The talk will be given by Dae-Jin Lee from BCAM - Basque Center for Applied Mathematics.

Date: Friday June 3rd at 11 am (!!)

Why FIFA should re-draw the 2022 World Cup

The draw for the 2022 FIFA World Cup takes place in April 2022 when three winners of the play-offs remain unknown. Seeding is based on the FIFA World Ranking released on 31 March 2022 and these three teams are drawn from the weakest Pot 4. We show that the official seeding policy does not balance the difficulty levels of the groups to the extent possible: a better alternative would be to assign the placeholders according to the highest-ranked potential winner, similar to the rule used in the UEFA Champions League qualification. The questionable decision of FIFA has harmed certain nations. In particular, Ukraine should play against stronger opponents if it manages to qualify for the World Cup after the Russian invasion has forced a rescheduling of its match(es). In the spirit of fairness and solidarity, FIFA is strongly encouraged to repeat the group stage draw following our proposal.

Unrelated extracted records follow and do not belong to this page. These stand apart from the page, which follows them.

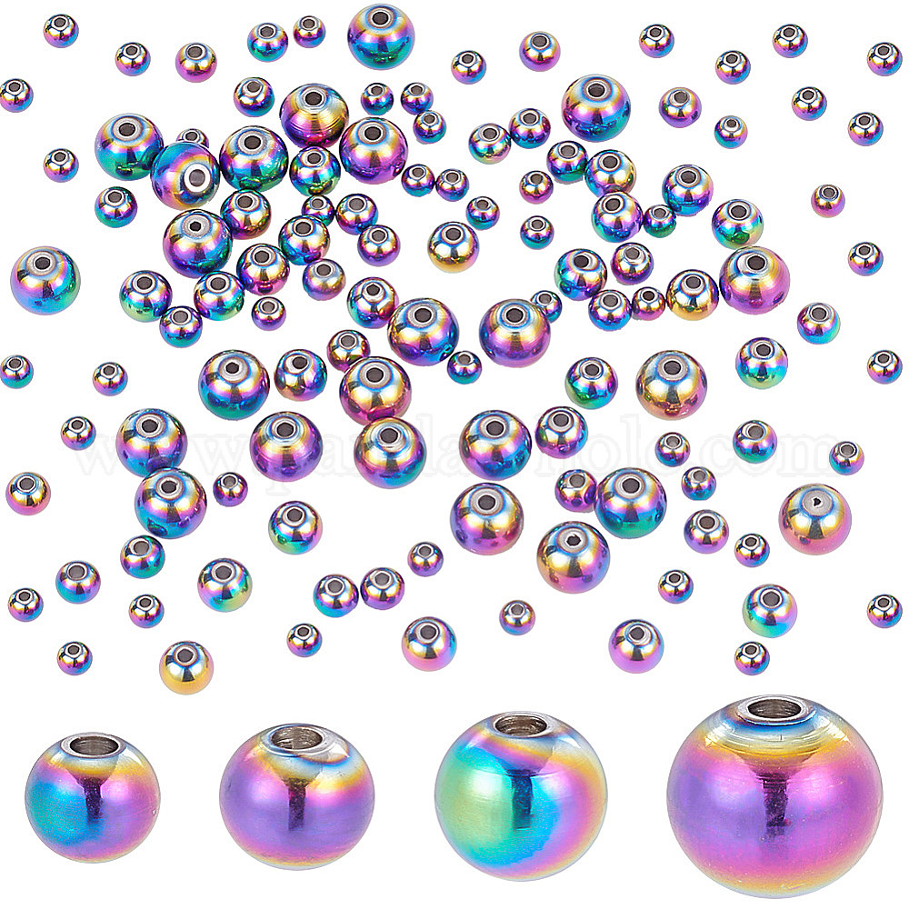 100 шт. 4 цвет радуги стиль покрытия стойки 304 бусины из нержавеющей стали, без кадмия, без никеля и без свинца, круглые (02DX6Q)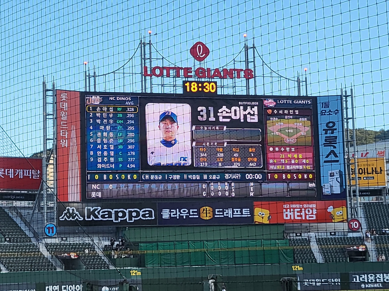 그래서 사직에 왔더니, "경남에도 야구팀 있다!" 이 연사 소리 높여 외치고 싶은 마음이 됐다. 그런 연유로 '낙동강 더비'가 더욱 치열한 걸까. 게다가 전광판에 선발 라인업이 뜨고, 타석에 손아섭이 들어섰을 때 기분이 오묘해졌다. 우리의 캡틴이 한 때는 롯데의 선수였다는 사실이, 믿기 어려울 지경이었다. "1번 타자~ 손아섭! 안~타~ 손아섭! 거침~ 없이~ 손아섭! 날려~ 버려~ 손아섭!" 하는 응원 구호를 목이 터져라 불러 제꼈다.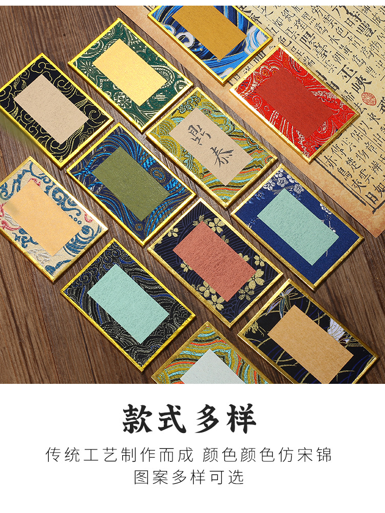 迷你宋锦硬卡纸国风宣纸文创礼品diy书法卡片摆台锦缎布面金潜纸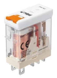 Przekaźniki miniaturowe 1P. Materiał styków: AgNi. Napięcie cewki 24 V AC. Wyposażenie standardowe: dioda sygnalizacyjna LED (czerwony AC, zielony DC), wskaźnik zadziałania mechaniczny, przycisk testujący czołowy z funkcja blokowania styków. Montaż: do gniazd wtykowych GZ71, GZP71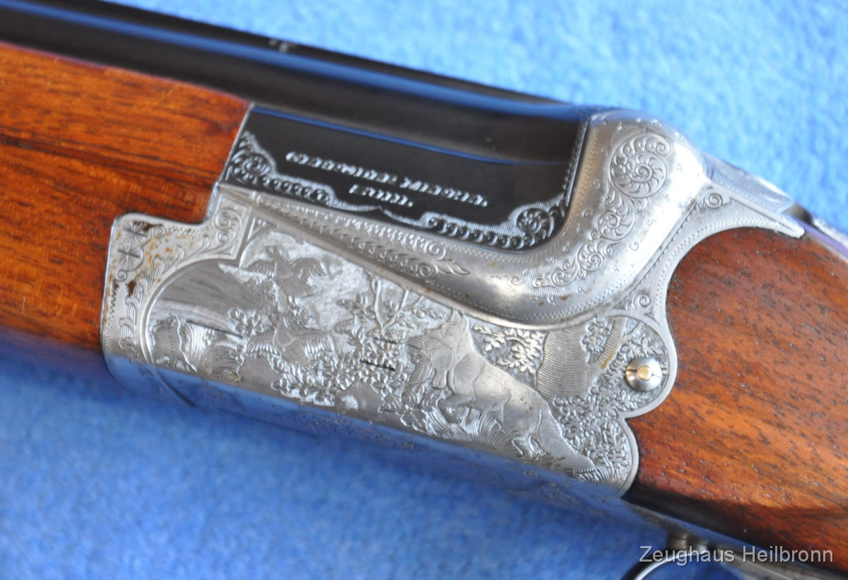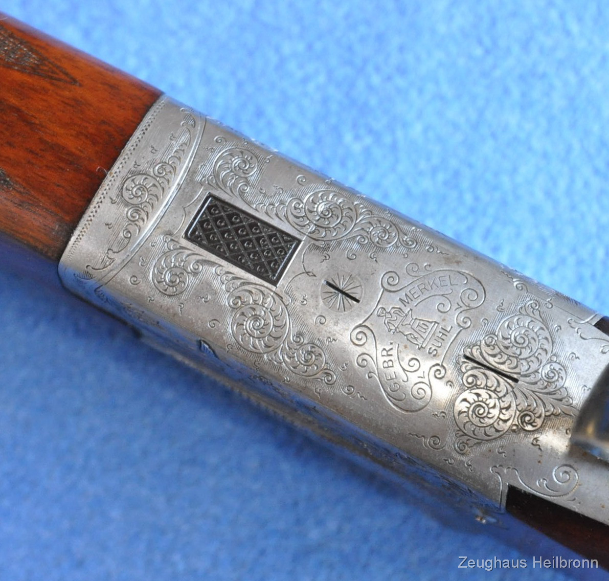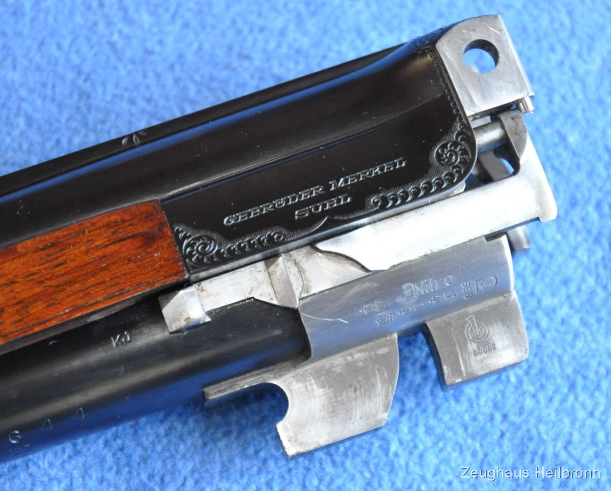 Hochwertige Bockflinte von Merkel Suhl - noch echte Büchsenmacherarbeit. Waffe in einem sehr schönen Zustand mit leichten Gebrauchsspuren am Schaftholz, siehe Bilder, System dicht, Läufe blank. Basküle mit tief Gravierten Tierstücken, Signalstifte, Ejector.

The talk will be given by Laszlo Csato  from Corvinus University.


Cycling Analytics: Present and Future Developments

Analytics has only recently entered the professional cycling industry with predictive modeling applied for talent scouting as well as for race outcome prediction. We will discuss these developments as well as some interesting avenues for future research.

The talk will be given by Bram Janssens from Ghent University.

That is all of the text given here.